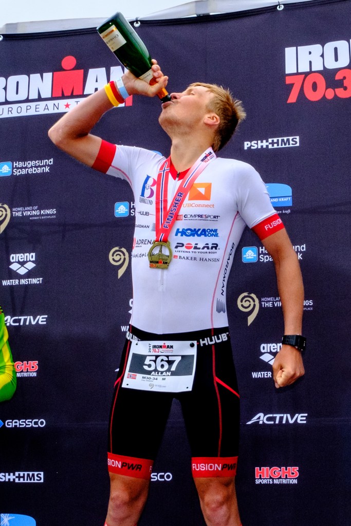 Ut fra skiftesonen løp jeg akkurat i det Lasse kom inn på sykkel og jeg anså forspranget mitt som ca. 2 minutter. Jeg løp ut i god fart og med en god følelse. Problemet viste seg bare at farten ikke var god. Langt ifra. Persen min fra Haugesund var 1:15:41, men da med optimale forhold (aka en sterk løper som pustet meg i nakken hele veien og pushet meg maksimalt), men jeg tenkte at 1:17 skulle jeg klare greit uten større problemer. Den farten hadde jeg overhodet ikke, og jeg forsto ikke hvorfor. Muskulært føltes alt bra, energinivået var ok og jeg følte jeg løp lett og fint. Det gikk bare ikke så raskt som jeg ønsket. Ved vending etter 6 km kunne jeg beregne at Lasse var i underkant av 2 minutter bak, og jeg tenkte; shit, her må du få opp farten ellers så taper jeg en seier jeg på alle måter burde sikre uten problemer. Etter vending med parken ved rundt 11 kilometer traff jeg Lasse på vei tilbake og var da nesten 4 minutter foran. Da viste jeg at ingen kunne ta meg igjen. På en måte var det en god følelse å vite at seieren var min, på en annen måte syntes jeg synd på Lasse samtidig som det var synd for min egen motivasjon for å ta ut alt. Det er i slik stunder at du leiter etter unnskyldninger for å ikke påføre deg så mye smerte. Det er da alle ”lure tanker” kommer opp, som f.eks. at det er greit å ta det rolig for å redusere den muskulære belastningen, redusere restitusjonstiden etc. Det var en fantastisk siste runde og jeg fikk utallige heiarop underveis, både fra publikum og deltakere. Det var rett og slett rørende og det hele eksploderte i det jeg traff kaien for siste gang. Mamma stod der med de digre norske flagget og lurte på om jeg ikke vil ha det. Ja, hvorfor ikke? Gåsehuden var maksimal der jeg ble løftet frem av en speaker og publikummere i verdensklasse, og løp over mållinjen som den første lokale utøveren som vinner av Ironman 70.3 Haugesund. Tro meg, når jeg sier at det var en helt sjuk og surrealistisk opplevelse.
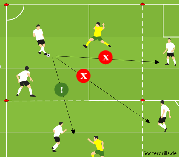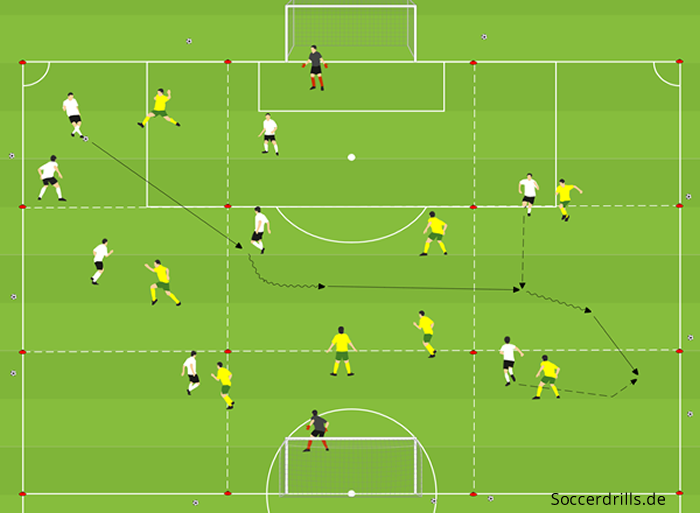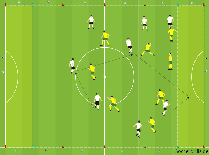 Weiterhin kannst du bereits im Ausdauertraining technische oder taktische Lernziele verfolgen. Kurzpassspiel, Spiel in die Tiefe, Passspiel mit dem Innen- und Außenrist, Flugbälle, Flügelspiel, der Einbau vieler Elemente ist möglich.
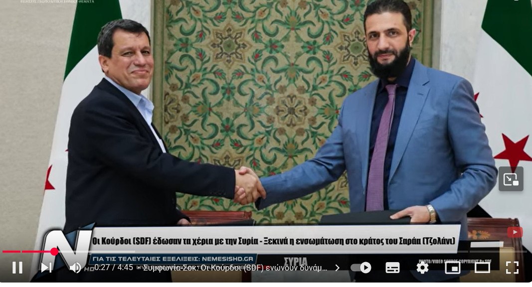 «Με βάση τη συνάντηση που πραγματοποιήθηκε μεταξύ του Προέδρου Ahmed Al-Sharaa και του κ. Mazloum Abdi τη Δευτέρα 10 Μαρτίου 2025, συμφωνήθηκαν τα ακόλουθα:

Exercise details: Your task is to retype exactly the lines that run from the line with "Weiterhin kannst du" through the last line of the material, with the pictures left out.

Solution to this task:
 Weiterhin kannst du bereits im Ausdauertraining technische oder taktische Lernziele verfolgen. Kurzpassspiel, Spiel in die Tiefe, Passspiel mit dem Innen- und Außenrist, Flugbälle, Flügelspiel, der Einbau vieler Elemente ist möglich.
 «Με βάση τη συνάντηση που πραγματοποιήθηκε μεταξύ του Προέδρου Ahmed Al-Sharaa και του κ. Mazloum Abdi τη Δευτέρα 10 Μαρτίου 2025, συμφωνήθηκαν τα ακόλουθα:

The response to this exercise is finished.